The post-MR druggability and pathway analyses serve two primary scientific purposes: (1) therapeutic prioritization - systematically evaluating which MR-identified proteins represent tractable drug targets (either through existing FDA-approved agents or compounds in clinical development) with direct relevance to cancer or PCa management, and (2) mechanistic hypothesis generation - mapping these candidate proteins to coherent biological pathways to guide future functional validation studies investigating their causal roles in prostate carcinogenesis.

Minor points:

(6) The stated motivation for this work is "early detection". But causality isn't necessary for early detection. If the authors are interested in early detection, other analysis approaches are more appropriate.

We appreciate your insightful feedback. While early detection is one motivation for this work, our primary goal extends to identifying causally implicated proteins that may serve as intervention targets for PCa prevention or therapy. Establishing causality is critical for distinguishing biomarkers that drive disease pathogenesis from those that are secondary to disease progression, as the former holds greater specificity for early detection and prioritization of therapeutic targets. While we acknowledge that validation for early detection may require additional methodologies, MR analysis provides a foundational step by prioritizing candidate proteins with causal links to disease. This approach ensures that downstream efforts focus on biomarkers and targets with the greatest potential to alter disease trajectories, rather than merely correlative markers.

(7) The authors state "193 proteins were associated with PCa risk", but they are looking at MR results - these analyses test for disease associations of genetically-predicted levels of proteins, not proteins themselves.

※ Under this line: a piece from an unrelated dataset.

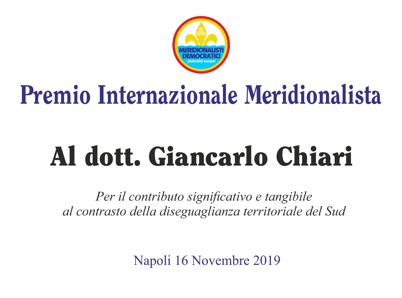 I meridionalisti democratici hanno istituito il Premio Internazionale Meridionalista e consegnato i primi due al dott. Giancarlo Chiari e all’ing Roberto Longo il 16 novembre 2019 a Napoli. I due attivisti meridionalisti sono stati premiati per aver dato un contributo effettivo e verificabile nella lotta contro la disuguaglianza territoriale che danneggia il Mezzogiorno.

In MR, the exposure of interest is the lifelong effect of genetically predicted protein levels. This approach is designed to infer causality while avoiding confounding and reverse causation, as genetic variants are fixed at conception and unaffected by disease processes. When we state “193 proteins were associated with PCa risk,” we specifically refer to proteins whose genetically predicted levels (based on instrument SNPs from protein QTLs) show causal links to PCa. Importantly, MR does not measure the direct association between observed protein concentrations and disease. Instead, it estimates the lifelong causal effect of protein levels predicted by genetics. This distinction is critical for disentangling cause from consequence. For example, a protein elevated due to tumor progression would not be identified as causal in MR if its genetic predictors are unrelated to PCa risk.

We acknowledge that clinical translation requires further validation of these proteins in observational studies measuring actual protein levels. However, MR provides a robust first step by prioritizing candidates with causal roles, thereby reducing the risk of investing in biomarkers confounded by disease processes.